[Stored data]:
####

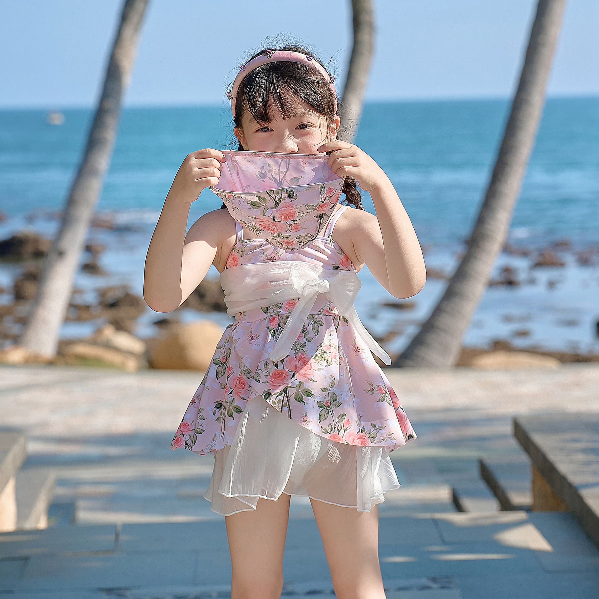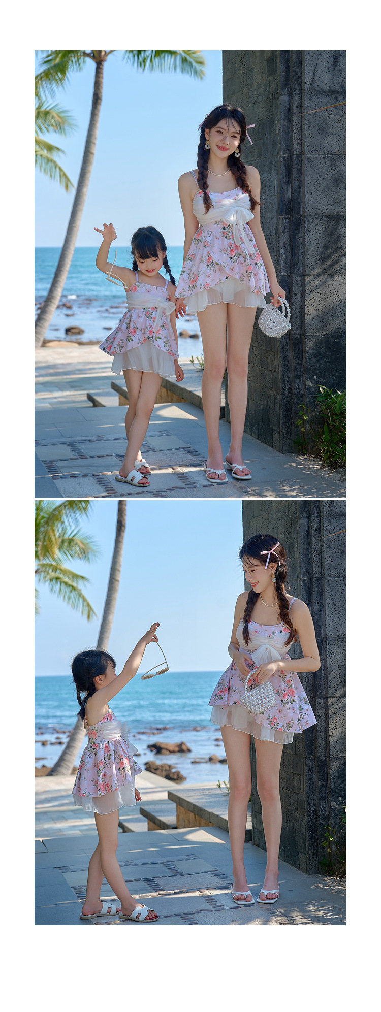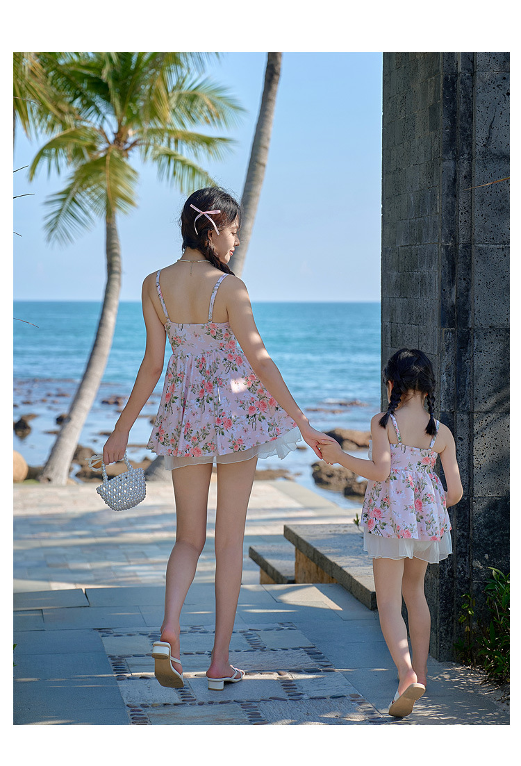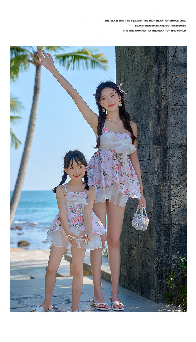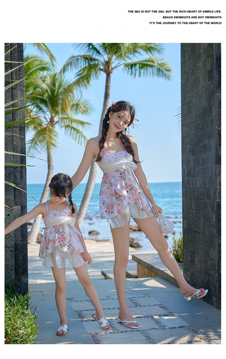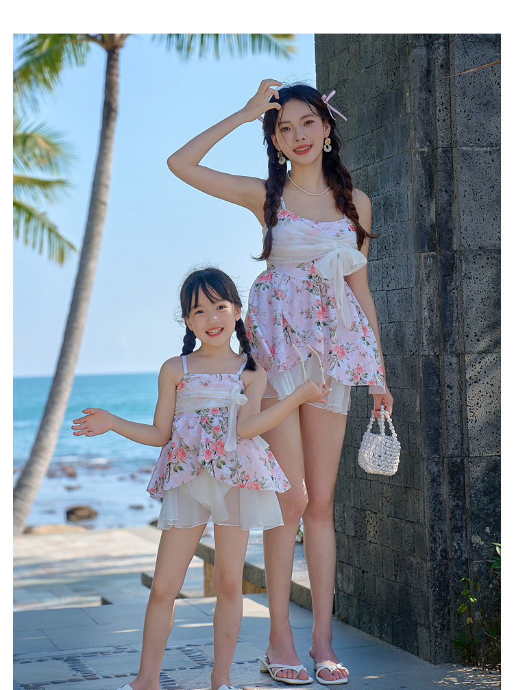 2023 새로운 부모-자식 수영복 어머니-딸 원피스 스커트 보수적 인 슬림하고 귀여운 대형 어린이 온천 부모-자식 수영복스토어 가기
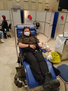 Puis, le 27 mai, les agentes Aubut et Bisson ainsi que le Sergent Couillard du poste de la MRC de La Jacques-Cartier se sont présentés au Mont-Saint-Sacrement, une école secondaire du territoire, pour faire un don de sang dans le cadre d’une collecte d’Héma-Québec.
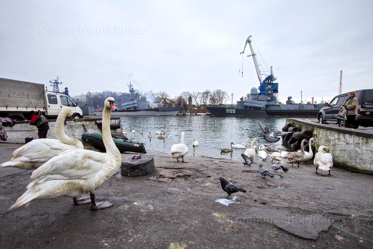 Жанровая фотография. Зимовка лебедей в военной гавани города Балтийска.

####

[Exercise requirements]: Word for word, restate the lines from the first line of the material through the line containing "Puis, le 27", with the pictures left out.

[Your solution]:
 2023 새로운 부모-자식 수영복 어머니-딸 원피스 스커트 보수적 인 슬림하고 귀여운 대형 어린이 온천 부모-자식 수영복스토어 가기
 Puis, le 27 mai, les agentes Aubut et Bisson ainsi que le Sergent Couillard du poste de la MRC de La Jacques-Cartier se sont présentés au Mont-Saint-Sacrement, une école secondaire du territoire, pour faire un don de sang dans le cadre d’une collecte d’Héma-Québec.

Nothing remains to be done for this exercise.